How to remove duplicate items from a list using list comprehension? I have following code:

a = [1, 2, 3, 3, 5, 9, 6, 2, 8, 5, 2, 3, 5, 7, 3, 5, 8]
b = []
b = [item for item in a if item not in b]

but it doesn't work, just produces identical list. Why its producing an identical list?

回答1:

It's producing an identical list as b contains no elements at run-time. What you'd want it this:

>>> a = [1, 2, 3, 3, 5, 9, 6, 2, 8, 5, 2, 3, 5, 7, 3, 5, 8]
>>> b = []
>>> [b.append(item) for item in a if item not in b]
[None, None, None, None, None, None, None, None]
>>> b
[1, 2, 3, 5, 9, 6, 8, 7]


回答2:

If you don't mind using a different technique than list comprehension you can use a set for that:

>>> a = [1, 2, 3, 3, 5, 9, 6, 2, 8, 5, 2, 3, 5, 7, 3, 5, 8]
>>> b = list(set(a))
>>> print b
[1, 2, 3, 5, 6, 7, 8, 9]


回答3:

The reason that the list is unchanged is that b starts out empty. This means that if item not in b is always True. Only after the list has been generated is this new non-empty list assigned to the variable b.



回答4:

Use keys on a dict constructed with values in a as its keys.

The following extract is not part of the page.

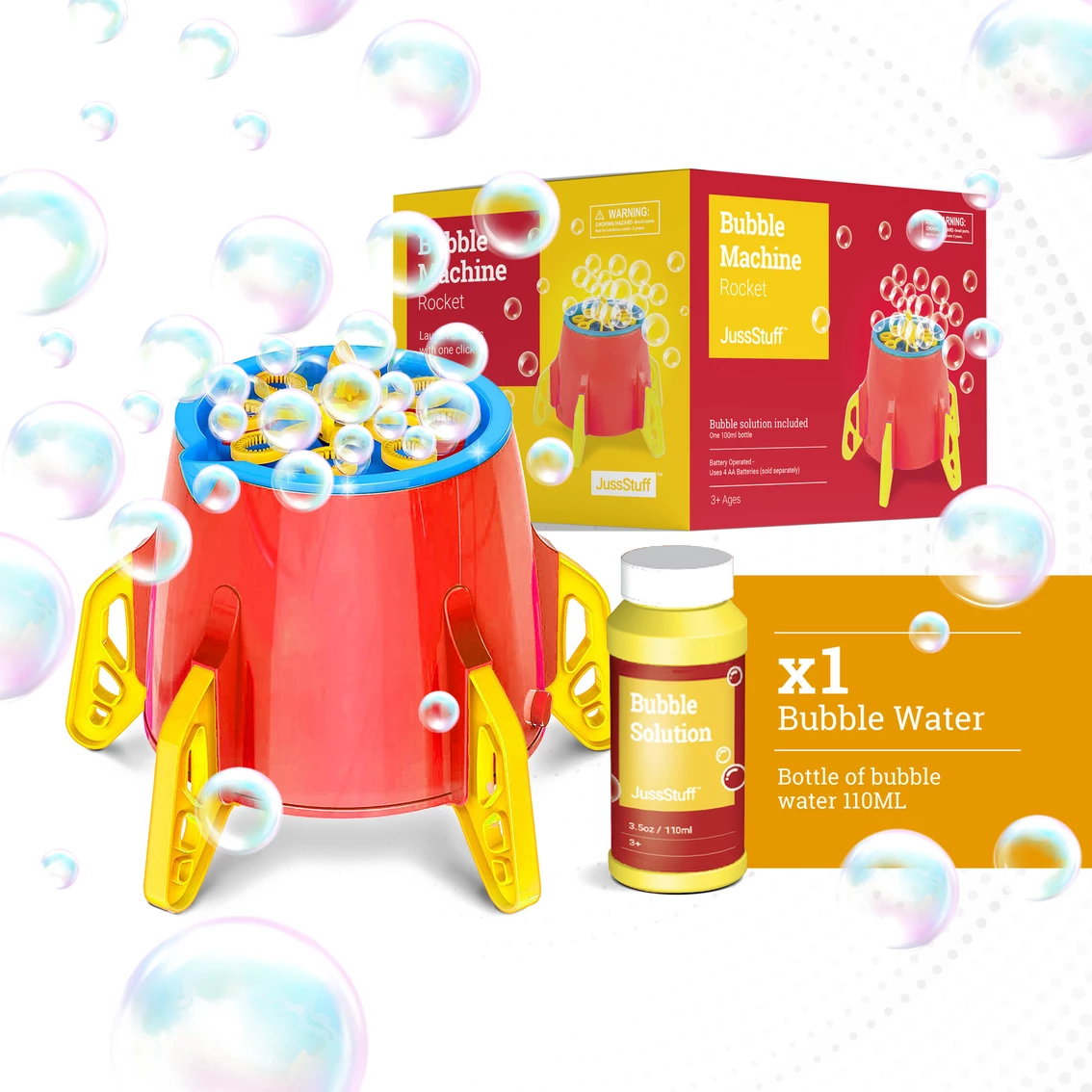 – Suitable For Outdoor and Indoor – With this entertaining toy, your outdoor fun can come indoors. Because it is lightweight and mobile, this rocket bubble machine is perfect for those who love fun outdoor activities as well as having parties indoors.

b = dict([(i, 1) for i in a]).keys()

Or use a set:

b = [i for i in set(a)]


回答5:

Use groupby:

>>> from itertools import groupby
>>> a = [1, 2, 3, 3, 5, 9, 6, 2, 8, 5, 2, 3, 5, 7, 3, 5, 8]
>>> [k for k, _ in groupby(sorted(a, key=lambda x: a.index(x)))]
[1, 2, 3, 5, 9, 6, 8, 7]

Leave out the key argument if you don't care about which order the value first appeared in the original list, e.g.

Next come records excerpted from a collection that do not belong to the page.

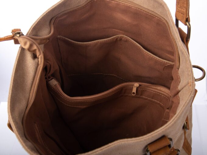 Torebka damska duża pionowa canvas (płótno) + skóra naturalna, beżowa
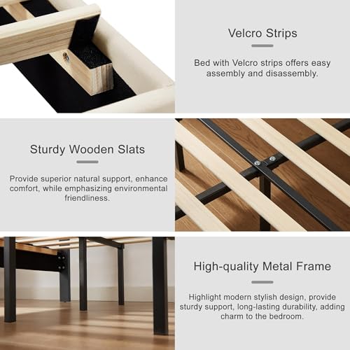 【Durable & Silent】Constructed with a sturdy metal frame and 12 durable wooden slats, this platform bed strong support up to 800 pounds, a perfect box spring replacement. Its robust Velcro and noise free strips ensure the wooden slats are securely fastened, minimize friction noise and provide a peaceful sleep environment.
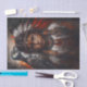 Inspire wonder with Native American child and eagle headdress decoupage tissue paper from Decoupage_Boutique. This decoupage premium tissue sheet features a fierce young warrior in vibrant red-orange feathers and ceremonial face paint, a majestic eagle perched behind—perfect for whimsical boho, spiritual, or heritage-inspired nursery and craft projects.Printed on ultra-thin, bleed-proof tissue paper, it layers invisibly with Mod Podge for a magical, painted-on look on toy chests, growth charts, dreamcatchers, or storybook boxes. The fiery red-sepia palette pops on whitewash, pastel, or natural wood.Crafters love it for:
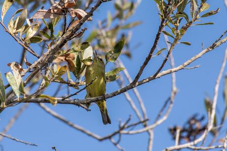 Resourceful Orange Crowned Warbler bird perched a top the tallest tree in the estuary while looking for bugs to eat among the leaves.

>>> [k for k, _ in groupby(sorted(a))]
[1, 2, 3, 5, 6, 7, 8, 9]

You can do some cool things with groupby. To identify items that appear multiple times:

>>> [k for k, v in groupby(sorted(a)) if len(list(v)) > 1]
[2, 3, 5, 8]

Or to build up a frequency dictionary:

>>> {k: len(list(v)) for k, v in groupby(sorted(a))}
{1: 1, 2: 3, 3: 4, 5: 4, 6: 1, 7: 1, 8: 2, 9: 1}

There are some very useful functions in the itertools module: chain, tee and product to name a few!



回答6:

>>> a = [10,20,30,20,10,50,60,40,80,50,40,0,100,30,60]
>>> [a.pop(a.index(i, a.index(i)+1)) for i in a if a.count(i) > 1]
>>> print(a)